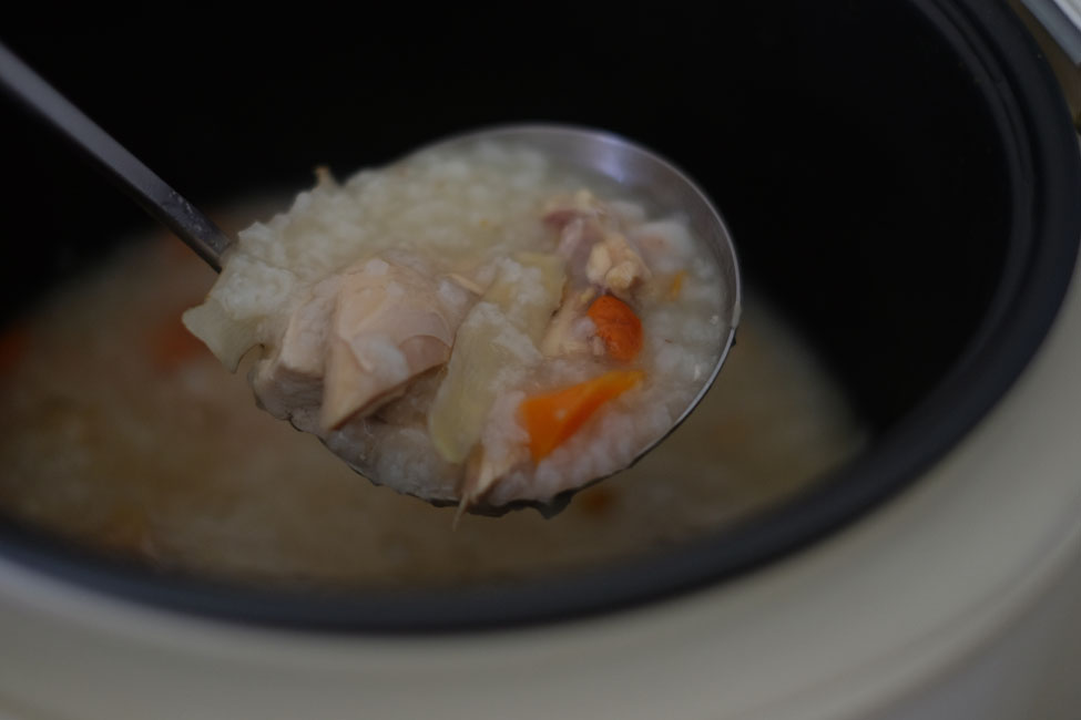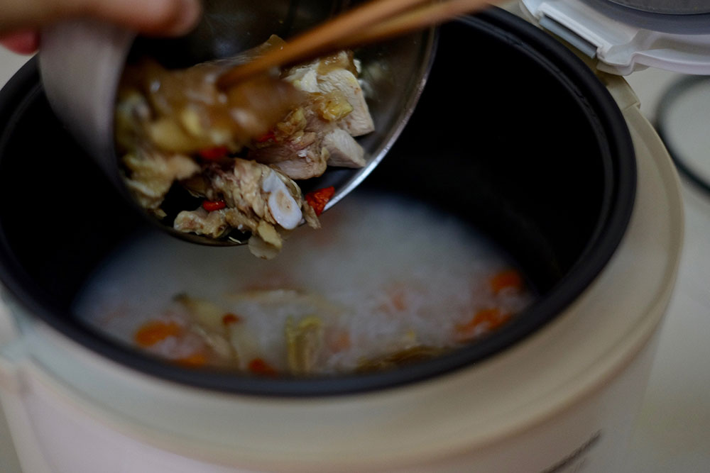 - Step 2 COOK CONGEE: Put washed rice, carrot, leftover chicken, and water into the rice cooker.
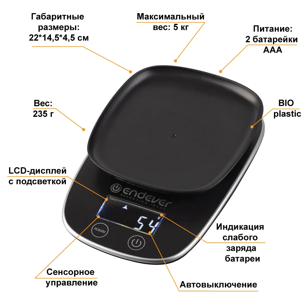 | Особенности и дополнительные функции | Система мер в граммах (г), фунтах (lb) и унциях (oz), Температура работы: 5 °С - 60 °С, Современный удобный дизайн, Сенсорное управление, LCD-дисплей с подсветкой, Функция обнуления веса тары, Индикация слабого заряда батареи, Автовыключение |
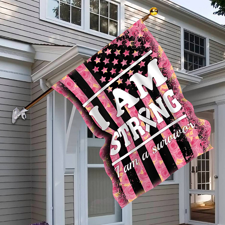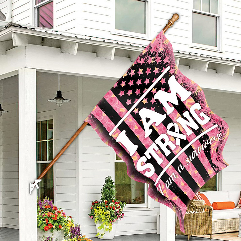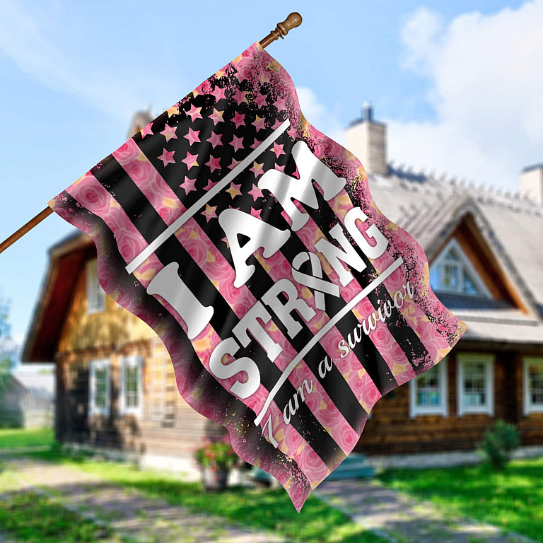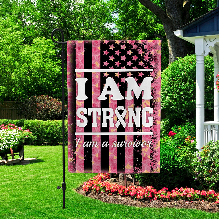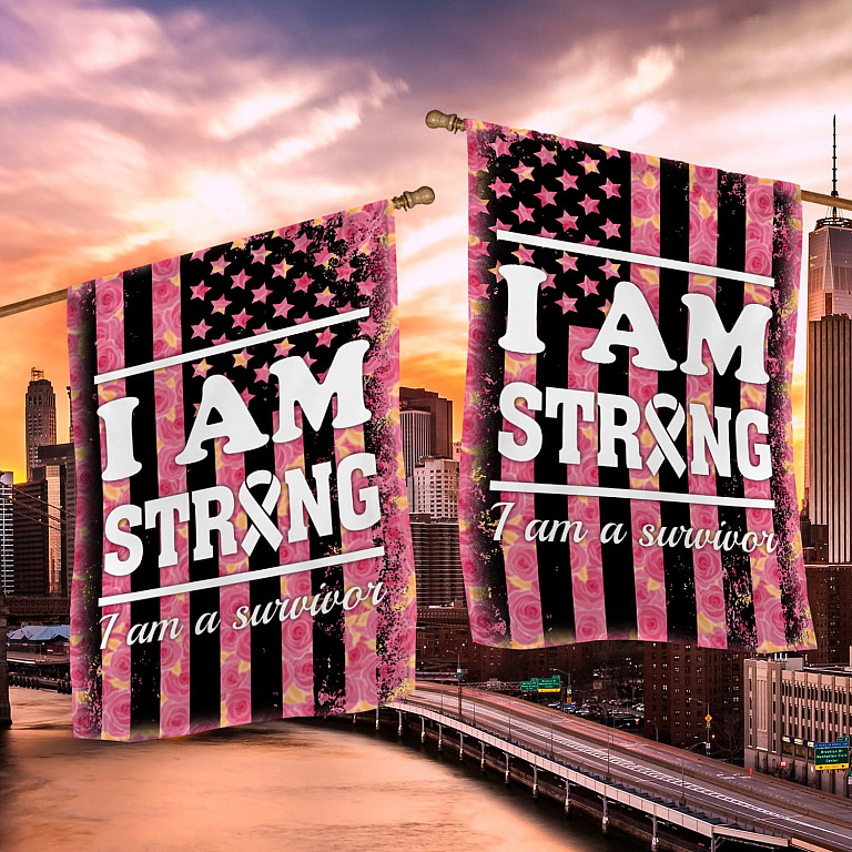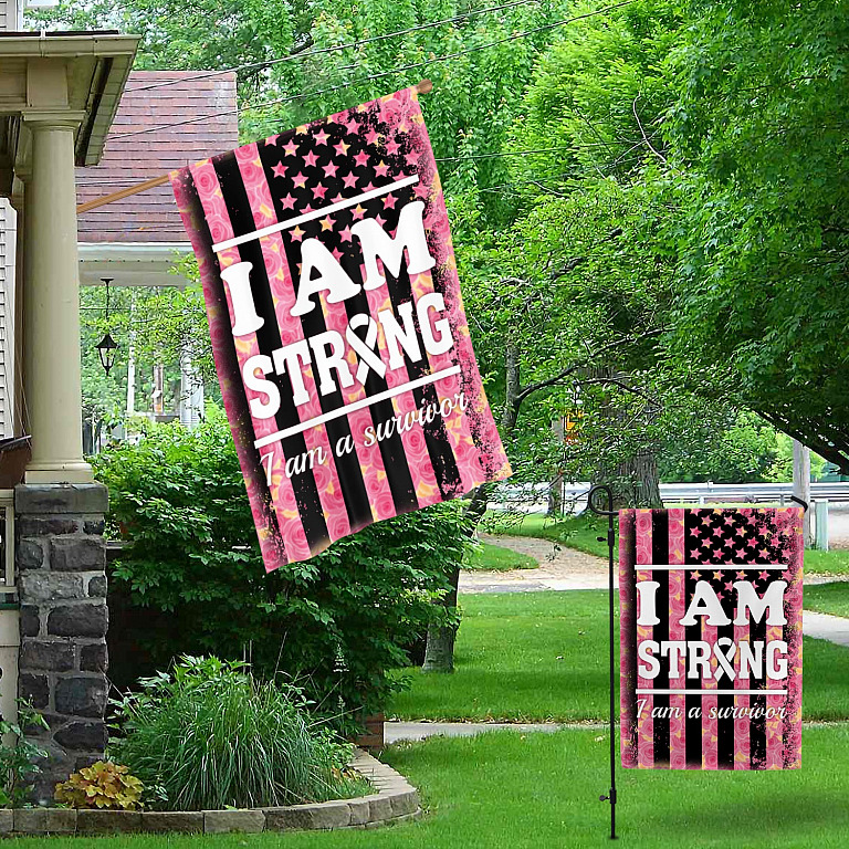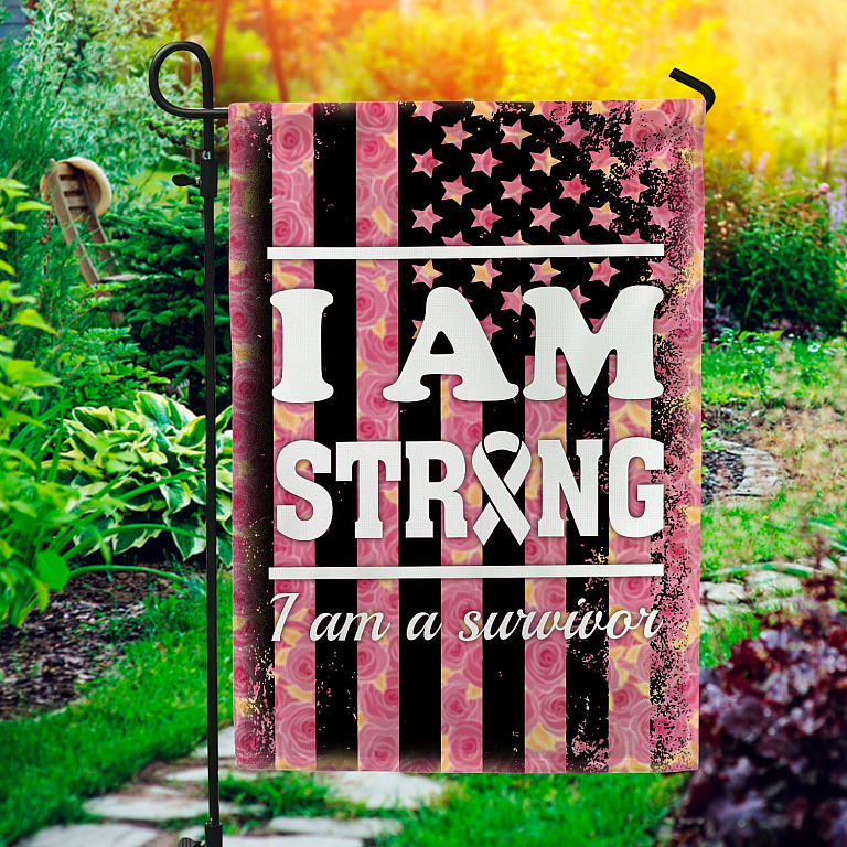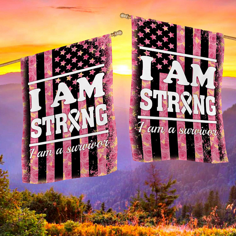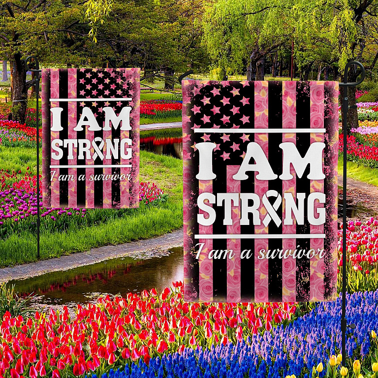 Let’s Shop I Am Strong I Am a Survivor Breast Cancer Awareness Garden Flag – House Flag – Wall Flag!

┄┄┄┄┄┄┄┄┄┄┄┄┄┄┄┄┄┄┄┄

#### Work to be completed:
In the copy, omit the pictures and give every line of the data exactly.

#### Solution for this problem:
 - Step 2 COOK CONGEE: Put washed rice, carrot, leftover chicken, and water into the rice cooker.
 | Особенности и дополнительные функции | Система мер в граммах (г), фунтах (lb) и унциях (oz), Температура работы: 5 °С - 60 °С, Современный удобный дизайн, Сенсорное управление, LCD-дисплей с подсветкой, Функция обнуления веса тары, Индикация слабого заряда батареи, Автовыключение |
 Let’s Shop I Am Strong I Am a Survivor Breast Cancer Awareness Garden Flag – House Flag – Wall Flag!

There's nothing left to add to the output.